- **Assignment**
Look for the line containing "Tanganing old tomonida" and the line containing "They stock all" in the entries below. Copy those two and all lines between them exactly, leaving out pictures.

Data provided Block Start

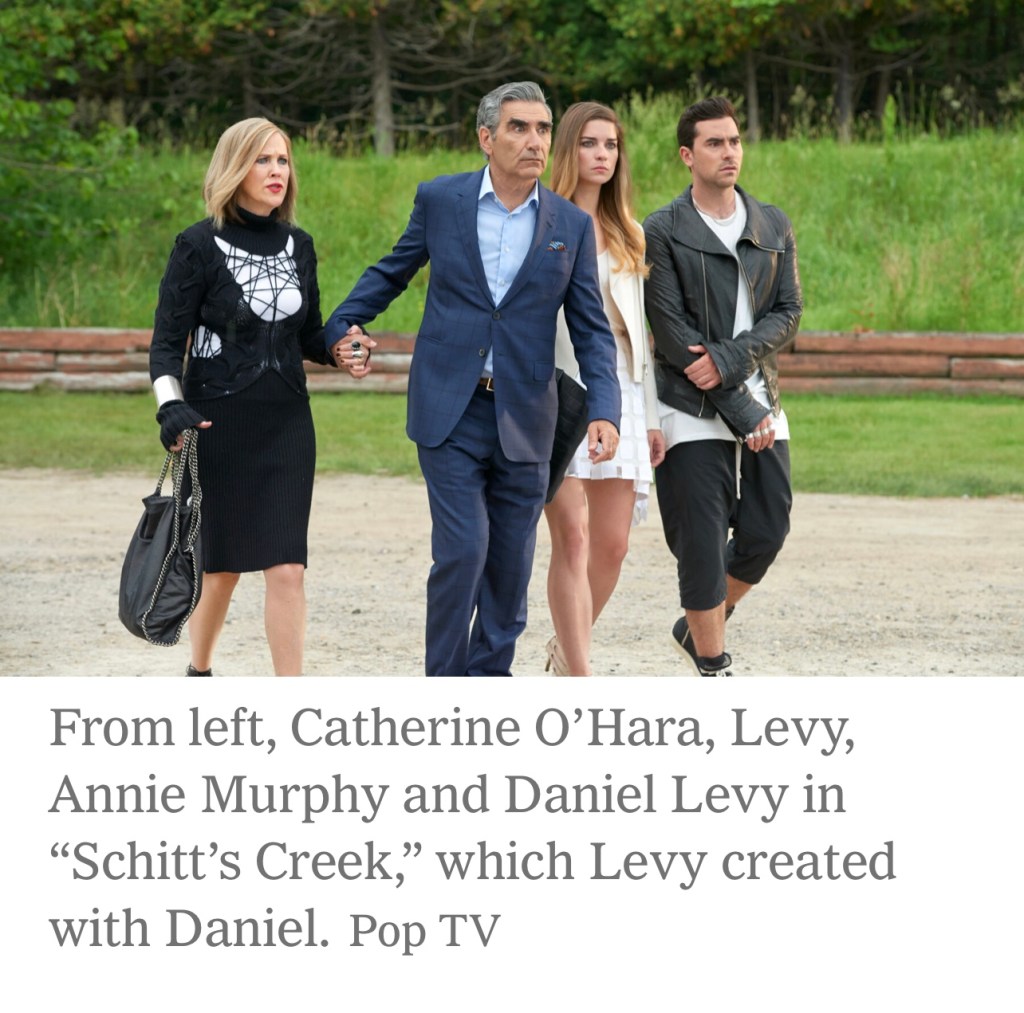 It was in “Schitt’s Creek,” the great sitcom Levy created with his son, Dan, about a group of coddled people who gain sentience through exposure to real life, that he came closest to portraying himself: an affable, affluent father who wears nice suits and has no tolerance for bad hotels. He was working with both of his children — Sarah played a diner waitress named Twyla — and the closeness of the role to himself created a dual consciousness in his performance that he hadn’t previously experienced. “I can’t believe my kids are on camera here with Catherine O’Hara,” Levy would think while he was acting in a scene with Catherine O’Hara.
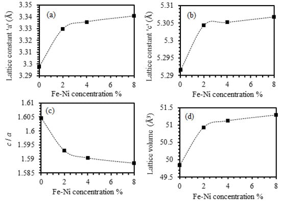 Lattice constants ( and ), the ratio of () and the lattice volume () determined from X-ray diffraction pattern of the undoped ZnO and the Fe-Ni co-doped ZnO thin films as a function of (Fe-Ni) concentration. (a) In-plane lattice constant a as a function of (Fe-Ni) % concentration. (b) Out-of-plane lattice constant c as a function of (Fe-Ni) % concentration. (c) Axial ratio (c/a) as a function of (Fe-Ni) % concentration. (d) Lattice volume (V) as a function of (Fe-Ni) % concentration.
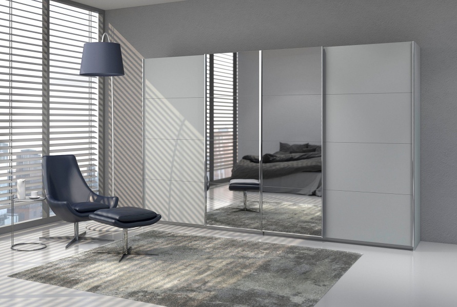 Dulap silk grey cu oglinda, 316x230x62 cm – spatiu generos si design rafinat pentru dormitoare moderne. SYNCRONO imbina eleganta cu functionalitatea, oferind o solutie practica pentru organizarea hainelor si accesoriilor. Perfect pentru un decor sofisticat si aerisit.
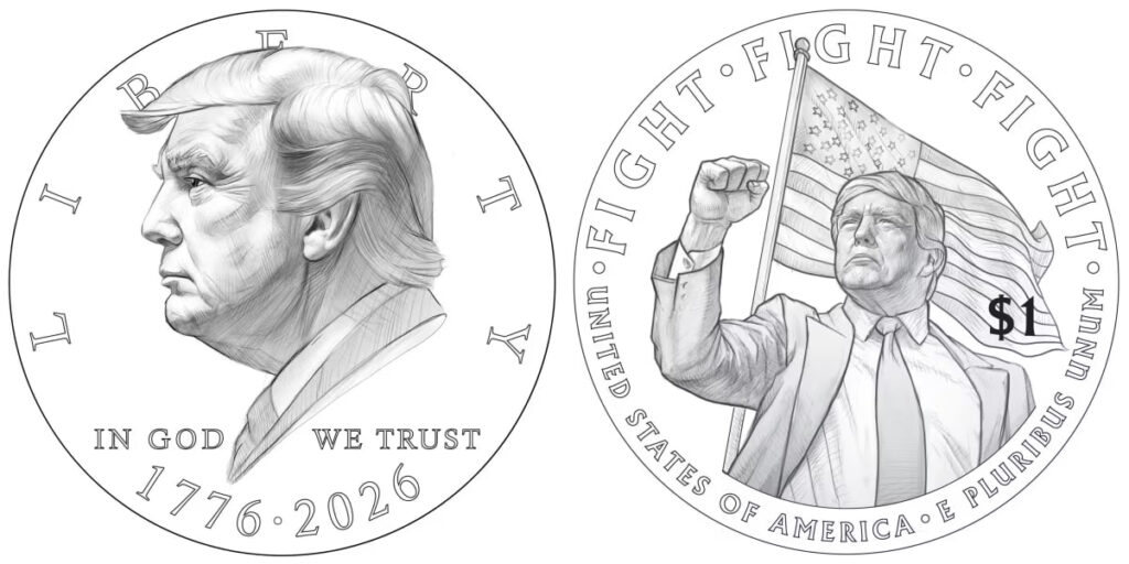 Tanganing old tomonida Trampning yon profili, yuqorisida «Liberty», pastida esa «In God We Trust» yozuvi va «1776–2026» sanalari aks etgan. Orqa tomonida esa Pensilvaniyada sodir bo‘lgan suiqasdga urinishdan so‘ng Trampning musht ko‘targan mashhur tasviri joy olgan.
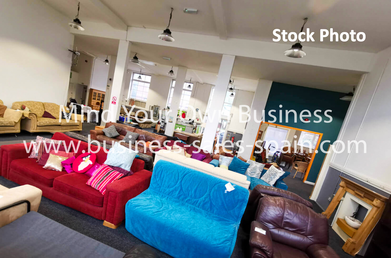 They stock all types of furniture, such as lounge or dining suites, bedroom furniture, garden furniture, lamps, mirrors etc and household appliances. There is always a huge stock worth in excess of 35.000€ which will be included in the sale.
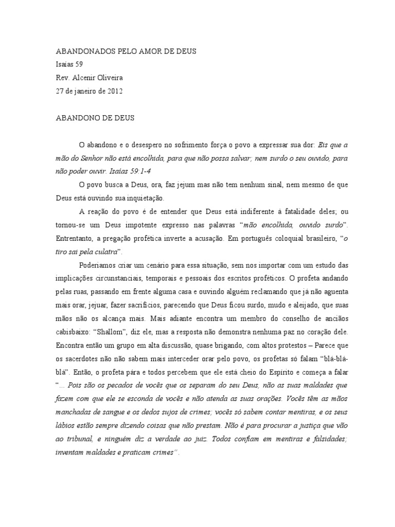 Alcenir Oliveira 27 de janeiro de 2012 ABANDONO DE DEUS O abandono e o desespero no sofrimento fora o povo a expressar sua dor: Eis que a mo do Senhor no est encolhida, para que no possa salvar; nem surdo o seu ouvido, para no poder ouvir. Isaas 59:1-4 O povo busca a Deus, ora, faz jejum mas no tem nenhum sinal, nem mesmo de que Deus est ouvindo sua inquietao. A reao do povo de entender que Deus est indiferente fatalidade deles; ou tornou-se um Deus impotente expresso nas palavras mo encolhida, ouvido surdo. Entrentanto, a pregao proftica inverte a acusao. Em portugus coloquial brasileiro, o tiro sai pela culatra. Poderiamos criar um cenrio para essa situao, sem nos importar com um estudo das implicaes circunstanciais, temporais e pessoais dos escritos profticos. O profeta andando pelas ruas, passando em frente alguma casa e ouvindo algum reclamando que j no aguenta mais orar, jejuar, fazer sacrifcios, parecendo que Deus ficou surdo, mudo e aleijado, que suas mos no os alcana mais. Mais adiante encontra um membro do conselho de ancios cabisbaixo: Shallom, diz ele, mas a resposta no demonstra nenhuma paz no corao dele. Encontra ento um grupo em alta discusso, quase brigando, com altos protestos Parece que os sacerdotes no no sabem mais interceder orar pelo povo, os profetas s falam bl-blbl. Ento, o profeta pra e todos percebem que ele est cheio do Esprito e comea a falar ... Pois so os pecados de vocs que os separam do seu Deus, no as suas maldades que fazem com que ele se esconda de vocs e no atenda as suas oraes. Vocs tm as mos manchadas de sangue e os dedos sujos de crimes; vocs s sabem contar mentiras, e os seus lbios esto sempre dizendo coisas que no prestam. No para procurar a justia que vo ao tribunal, e ningum diz a verdade ao juiz. Todos confiam em mentiras e falsidades; inventam maldades e praticam crimes.
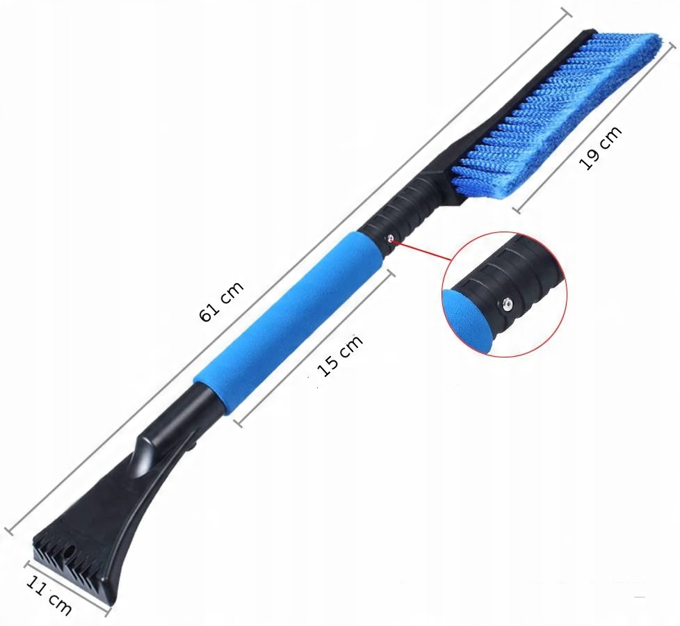 Оснащений широким скребком зі спеціальною зубчастою поверхнею для видалення товстого льоду зі стекол автомобіля. Гладка поверхня без проблем впорається з морозом.
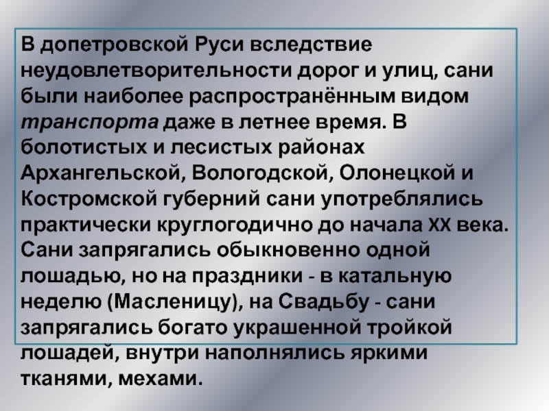Слайд 22В допетровской Руси вследствие неудовлетворительности дорог и улиц, сани были
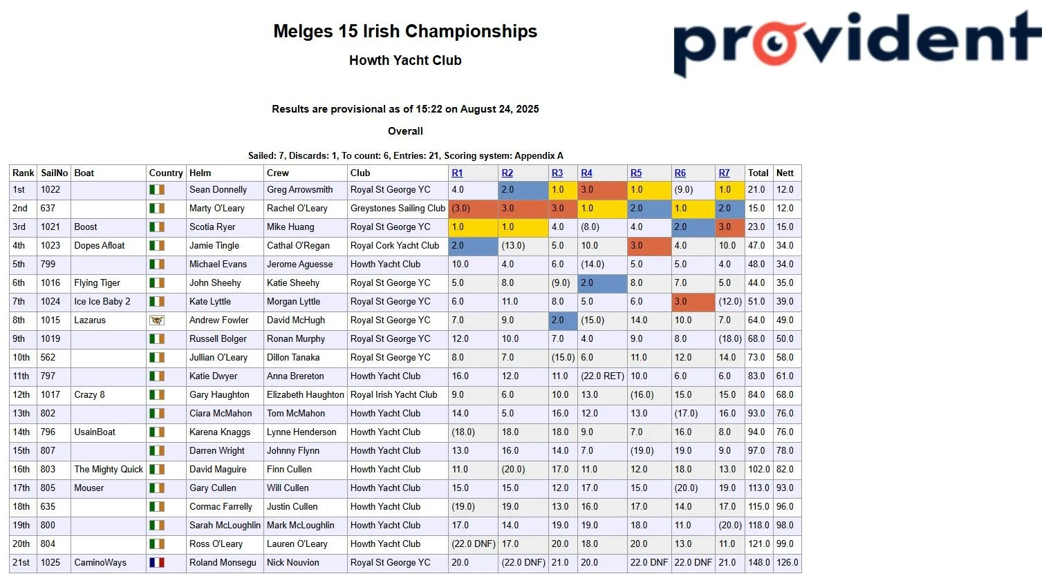 RSGYC's Donnelly & Arrowsmith win Irish National Championships

Data provided Block End

- **Result for this exercise**
 Tanganing old tomonida Trampning yon profili, yuqorisida «Liberty», pastida esa «In God We Trust» yozuvi va «1776–2026» sanalari aks etgan. Orqa tomonida esa Pensilvaniyada sodir bo‘lgan suiqasdga urinishdan so‘ng Trampning musht ko‘targan mashhur tasviri joy olgan.
 They stock all types of furniture, such as lounge or dining suites, bedroom furniture, garden furniture, lamps, mirrors etc and household appliances. There is always a huge stock worth in excess of 35.000€ which will be included in the sale.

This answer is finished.